Сашка и Яшка (Куприн)

У этой страницы нет проверенных версий, вероятно, её качество не оценивалось на соответствие стандартам.
Сашка и Яшка : Про прошлое
автор Александр Иванович Куприн
Дата создания: 1917. Источник: А. И. Куприн. Собрание сочинений в 9 томах. Том 7. — М.: Художественная литература, 1973. — С. 215 — 223; az.lib.ru

Ника — известная непоседа. Ника — егоза и стрекоза. Ника скачет, как коза брынская. Все ей надо знать, во все сунуть свой розовый нос, особенно куда не надо. В одну минуту она задает двадцать пять вопросов и сама их разрешает с непостижимой быстротой.

Нике нет еще и десяти лет, а она уже дважды летала на аэроплане и потому на подруг смотрит с высоты шестисот метров.

— И даже совсем, ни капельки не страшно, — говорит она, — а только ужасно приятно. Точно катишься на бесшумном автомобиле по асфальту. А внизу все: дома, лошади, паровозы, деревья — как игрушки для самых маленьких детей.

Ника из семьи военных летчиков Прокофьевых. Ее отец — известный инструктор; его специальность — тяжелые боевые аппараты. С огромного «Фармана» N 30 он сбрасывал бомбы на немцев.

Брат Жоржик знаменит на всех аэродромах как виртуоз по высшему фигурному пилотажу: ему нет равного в изяществе и законченности петель, скольжений и штопоров. Все системы летательных машин он попробовал на личном опыте.

Другой брат, Александр (Ника его зовет просто и непочтительно — Сашкой), — военно-морской летчик. Он перегнал отца по службе и, в шутку, подтягивает его. За ним числится несколько сбитых германских машин. Он старший лейтенант, рукоятка его кортика украшена георгиевским темляком, а за последние подвиги при обороне Эзеля он непременно получит и Георгиевский офицерский крест.

Ника по праву гордится своими тремя авиаторами. Даже плюшевая, потертая Никина обезьянка Яшка совершила множество полетов в самой боевой обстановке, укрепленная на гаргроте Сашкиного аэроплана.

Ника щурит блестящие голубые глаза, встряхивает по-мальчишески головой и отбрасывает рукой лезущие на нос короткие волосы.

— Вот вы мне вчера про собак, про гусей и про кошек… Хотите, я вам расскажу про Сашку и про Яшку. Только уговор: если что-нибудь ошибусь, не сердиться.

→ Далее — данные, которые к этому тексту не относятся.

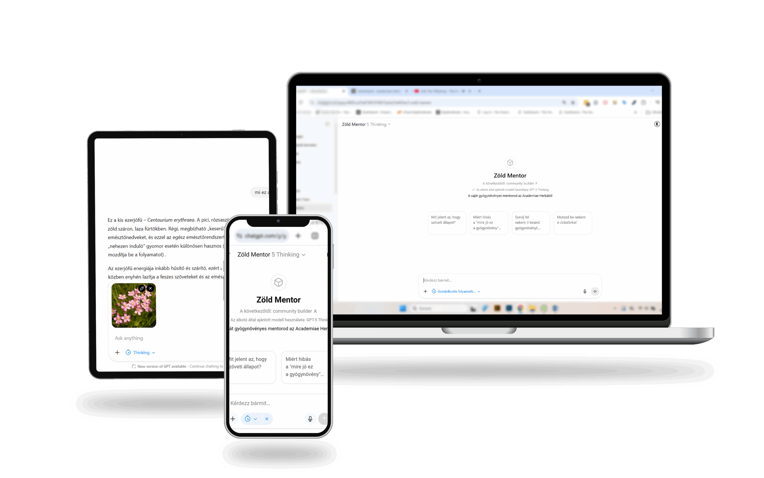 A Zöld Mentor ezzel szemben ellenőrzött forrásokat használ. Minden leckét személyre szab a saját helyzetedhez — figyelembe veszi milyen növényekhez férsz hozzá, a tapasztalati szintedet és a tanulási céljaidat (persze ezt előre el kell mondanod neki). És kifejezetten füvész oktatására készült, strukturált tudásbázissal — nem egy általános chatbot, ami egyszerre próbál foglalkozni költészettel, programozással és minden mással.

— Пожалуйста, Ника, пожалуйста.

Рассказ ее прекрасен. Он жив, ярок, меток и весь в движении. Но, к сожалению, его мог бы запечатлеть только граммофон, приставленный приемником к самому рту Ники, хотя и этот способ мне кажется неудобным, потому что Ника во время рассказа вертится во все стороны. От торопливости у нее вскакивают на губах и лопаются пузыри. Она выпускает одновременно множество слов, которые несутся из ее рта стремительно и без всякого порядка, так что порою кажется, будто шестнадцатое по счету слово доходит до вас раньше четвертого.

Если ее поправить в какой-нибудь технической ошибке, она — ничего, не обижается. Она охотно распишется в незнании, примет на бегу поправку и уже быстро скользит дальше, как на коньках.

По этой причине я предлагаю ее рассказ в изложении, проверенном и подкрепленном сторонними справками, давая самой Нике место лишь в известных, необходимых случаях.

В середине осени отряд Эзельских боевых гидропланов получил телефонное сообщение о том, что в бухте Лео замечены три германские подводки. Известие это пришло к раннему вечеру, когда уже начинало слегка темнеть. В этот момент находился в полной готовности один только аппарат, именно мичмана Прокофьева, Никиного Сашки, и потому мичман, не теряя ни секунды на праздные размышления, лишние слова, взобрался на свое место в гидроплане, посадил рядом с собою отважного механика Блинова с двумя полупудовыми бомбами и, быстро поднявшись кверху, полетел в хорошо знакомом направлении.

Они безошибочно и очень скоро долетели до бухты Лео, обшарили ее самым тщательным образом, но никакого следа субмарин не оказалось. Пришлось попусту возвращаться назад, к великому неудовольствию Блинова, у которого бомба чесалась в руках.

Гидроплан приблизился к своей стоянке. Уже открылся Церельский маяк. Огонь сигнального костра, нарочно разведенного на берегу, увеличивался с каждой секундой. Около него стали заметны маленькие, черные копошащиеся фигуры людей.

Мичман Прокофьев управлял аппаратом одною рукою, а другую выставил за борт гондолы и нажимал пальцем кнопку электрического фонаря, давая знать о своем возвращении. С необычайной ловкостью удалось ему, остро снизив гидроплан, спуститься на воду. Блинов даже заметил, что «так хорошо, пожалуй, и днем не сядем». И вдруг случилась катастрофа. Одна из бомб взорвалась.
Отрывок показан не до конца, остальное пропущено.